Nov
18
2014 Chevrolet Malibu Turbo

A 2.5-liter 4-cylinder engine is standard on LS, 1LT and 2LT Malibu trim levels. Our test 3LT, like the topline LTZ, comes with a turbocharged 2.0-liter engine. As equipped, our test car came to $31,380.

2014 Chevrolet Malibu 3LT Turbo

Dates tested: 10/31/2013-11/07/2013

Miles Driven: 255

Fuel Used: 11.9 gallons regular unleaded

Real-world fuel economy: 21.4 mpg

Driving mix: 40% city, 60% highway

Base price: $26,750 (not including $825 destination charge)

Options on test car: Leather Package ($1000), Electronic & Entertainment Package ($1175), Advanced Safety Package ($890), navigation system ($795), Crystal Red Tintcoat paint ($395)

Price as tested: $31,830

Quick Hits

The great: Strong, refined drivetrain

The good: Smooth ride and quiet cabin

The not so good: Cramped rear seat

Damon Bell

Because of the sales volumes at stake, success in the midsize-sedan class is crucial to manufacturers. The competition is cutthroat, and the segment abounds with top-rate contenders that are often so close in overall “goodness” that choosing between them often boils down to one’s personal taste. In a category like this, small details start to matter a lot, and the 2014 Chevrolet Malibu has a couple of niggling ergonomic issues that really annoyed me.

The ignition switch juts out from the steering column at a sharp angle toward the interior. I suppose this makes it marginally easier to put the key in the ignition, but it also means that the key fob is sticking out right where my right knee usually rests. I was frequently bumping the key with my knee. (If you’re tall like me, you’ll want to pony up for push-button starting.) The Bluetooth system was especially slow to connect, and despite the fact that I was listening to audio off of my smartphone when I shut the car off, the system would always revert to a radio station when I restarted the car, forcing me to reselect Bluetooth from the audio menu. Most other Bluetooth-equipped vehicles don’t require this step.

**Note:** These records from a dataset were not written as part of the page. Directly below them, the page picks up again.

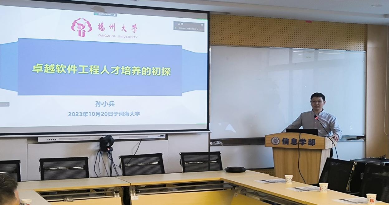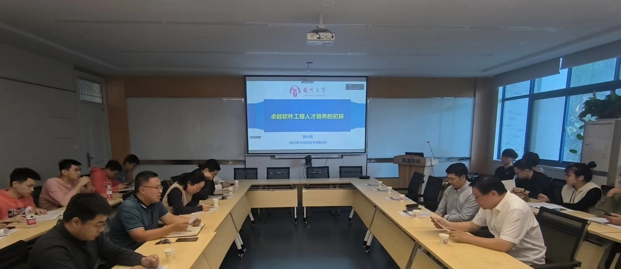 本次示范教研活动由主题报告和交流讨论两个环节组成。首先由扬州大学信息工程大赢家比分 (人工智能大赢家比分 )院长孙小兵教授带来的“卓越软件工程人才培养初探”主题讲座。孙小兵教授分析了2022年底江苏省结合省高等教育改革发展实际出台的《卓越工程师教育培养计划2.0的实施意见》(苏教高〔2022〕10号),介绍了扬州大学软件工程专业作为国家一流专业建设点,在探索适合地方卓越软件工程人才培养的方式过程中所具有的特色及优势,讨论了平台与师资的合作方式、人才培养改革思路与举措。最后孙老师结合若干案例,分享了扬州大学卓越软件工程人才培养过程中的建设成效,并阐明了下一步的建设目标与规划。
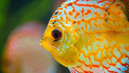 Close-up view of a vibrant discus fish with intricate patterns, showcasing its beauty.
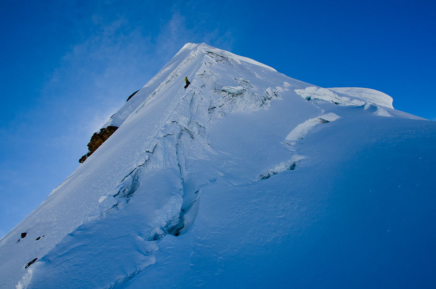Le Chaupi Orco est composé de deux pics, le Nord et le Sud : les guides auraient voulu réussir à faire la traversée joignant ces deux cimes, mais c’est une fois au sommet, à 6070m d’altitude, après 8h20 d’ascension, 8570m de dénivelé positif accumulés en 10 jours, dans un froid glacial, que raisonnablement, ils ont décidé d’oublier cette possibilité et de redescendre vers le camp de base.
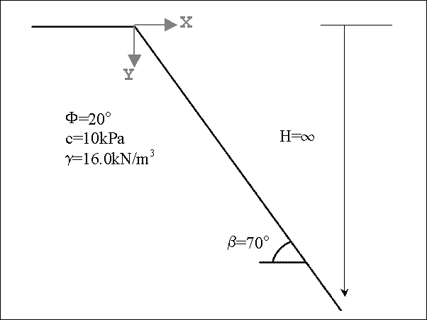 Oznaczenia w programie: a=0°, b=70°, F =20°, c=10kPa, g=16 kN/m3, H=5.19m.
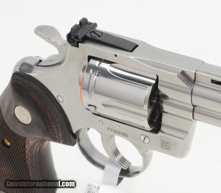 Description: BRAND NEW 2020 Colt Python .357 Mag SP6WTS 6 Inch. In Blue Hard Case AVAILABLE FOR PURCHASE AT OUR ON-LINE STORE We are proud to offer a selection of the NEW 2020 Colt Python. In Stock! The Python is back! Building on Colt’s Snake Gun legacy, the legendary double-action revolver returns in stainless steel in 4.25” and 6” barrel lengths. The 2020 Python features modern stainless steel alloys and a re-designed rear sight. Thirty percent more steel beneath the rear adjustable target sight gives you a stronger revolver and more robust shooting experience. A recessed target crown, user-interchangeable front sight, and Walnut grip with the iconic Colt medallion make this a gun you’ll want to shoot AND show off! The Serial Number of the revolver is PY014900. The photos in this ad are stock and thus the serial number on it does not reflect the one on the revolver you will be receiving. SPECIFICATIONS
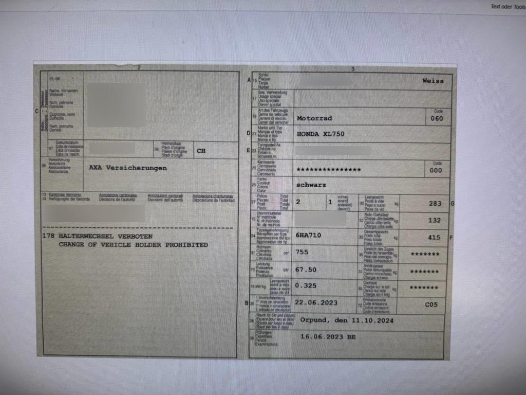 | Fahrzeugausweis | Vorhanden |
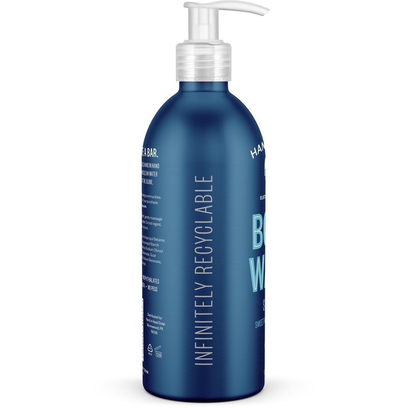 Sweet mint & eucalyptus. Vegan. Sustainable suds. Palm oil free. No palm oil. No parabens. No phthalates. No SLS/SLES. No BHT. No EDTA. No pegs. handinhandsoap.com. Buy a bar. Give a bar. For every product purchased, hand in hand donates one bar of soap and clean water to a child in need across the globe. 100% of our donation go to developing communities. To learn more about the impact of your purchase visit handinhandsoap.com. Sustainable suds in sustainable packaging. This pretty bottle is made of infinitely recyclable aluminum. Infinitely recyclable. Recyclable. Refillable. Reusable. Cruelty-free. Made in the USA.

2014 Chevrolet Malibu Interior

Damon and Tom agree, if you’re in the front seat, the Malibu cabin is a pretty nice place to spend time.

A not-so-nitpicky issue is the Malibu’s tight rear-seat space…this was of the main reasons Chevrolet chose to give the Malibu a hasty update for 2014. The front and rear seats were revamped to free up another 1.25 inches of leg room, but Malibu still can’t match most of its class competition here.

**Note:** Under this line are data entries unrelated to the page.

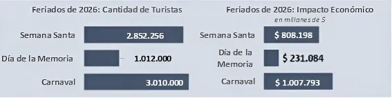 - Doble feriado. Este año, el 2 de abril coincidió con el Día del Veterano y de los Caídos en la Guerra de Malvinas, también feriado inamovible, lo que extendió el descanso y potenció el movimiento turístico, ya que el Jueves Santo no está contemplado como feriado nacional, sino como día no laborable.
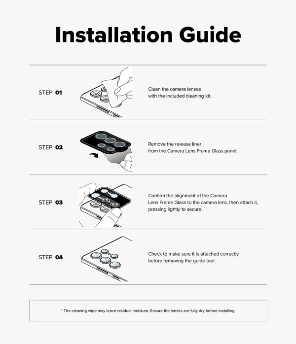 Dán camera Samsung Galaxy S26 Ultra RINGKE Lens Frame Glass gồm 3 lens rời, chất liệu kính cường lực trong suốt với khung viền kim loại màu đen bảo vệ tối ưu cho camera, độ trong suốt cao cho phép chụp ảnh với chất lượng rõ nét, không ảnh hưởng tới hiệu năng của camera.
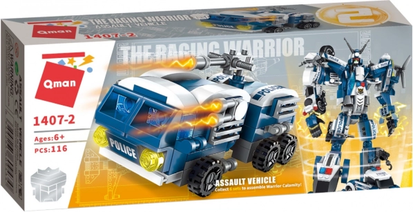 Odkrijte akcijsko zabavo s sestavljanko Qman Raging Warrior – bojno vozilo s 116 deli, ki jih je mogoče kombinirati z drugimi seti. Sestavite podroben model policijske tehnike in z združevanjem modelov iz serije ustvarite velikega robotskega varuha reda. Kocke iz odporne in neškodljive ABS plastike so popolnoma kompatibilne z LEGO, Sluban, Cobi in drugimi znamkami.
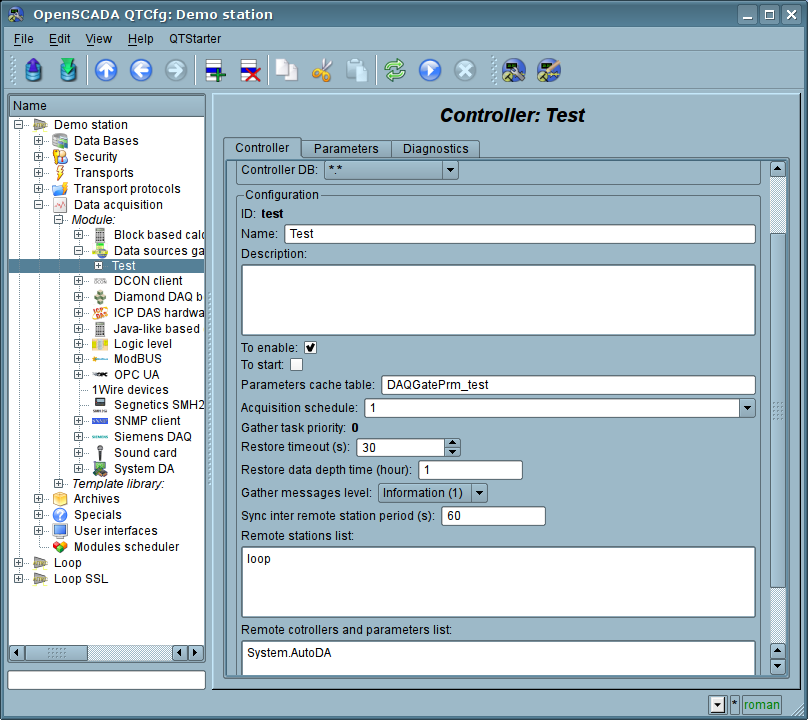 For addition of the data source the controller's object is created and configured in the system OpenSCADA. Example of the configuration tab of the controller is depicted in Figure 2.

The Malibu is certainly not without its charms, however. The 259-horsepower 2.0-liter turbocharged four-cylinder feels smooth and strong, with enough juice to provide comfortably quick acceleration in most driving situations. The motor whirs noticeably in fast acceleration, but Malibu is still one of the quietest cars in the class. Wind and road noise are exceptionally well controlled.

The Mazda 6 and the Honda Accord nail the big and small details better in my book… but your personal tastes may vary.

Tom Appel

For almost precisely the current average transaction price of a new vehicle, you can get yourself into a nicely equipped (though not loaded) 2014 Chevrolet Malibu Turbo. And, there are a number of good reasons you might want to do so.

Like the smaller Chevrolet Cruze, Malibu is refined for the class, and boasts a silky drivetrain and surprisingly pleasant cabin.

As part of a 2013 redesign of the Malibu, Chevrolet excised the sedan’s V6, replacing it with a turbocharged 4-cylinder. I am please to report the 2.0-liter turbo, good for a reported 259 horsepower, feels about as strong as the departed V6, and might actually be smoother. Very much in the vein of Ford’s EcoBoost engines, power delivery is immediate, and throttle response sharp.

As for the cabin, as long as you’re up front, you’re golden. Drivers enjoy plenty of leg and headroom, and visibility to all four corners is good. Interior appointments approach luxury level, and everything appears well assembled. The low-glow running lights that trim the dash and overhead console become visible as the sun sets, and add a decidedly classy feel to the cabin.

Equally sublime is the ride, which is impressive for the class. Most road imperfections are absorbed with dismissible ease, and even larger bumps and ruts are handled with grace. Noise levels are likewise muted, even at highway speeds.

So what’s the rub? Malibu, like Cruze, runs a serious deficit versus class competitors in the category of rear-seat space. If you never plan to haul anyone larger than your pre-high schoolers, no problem. But Malibu’s lack of four-adult space is a serious demerit in this crowded vehicle class.

So, for the price of an average car you can buy a very nice Malibu, a car that offers above average power and refinement, and below average passenger space.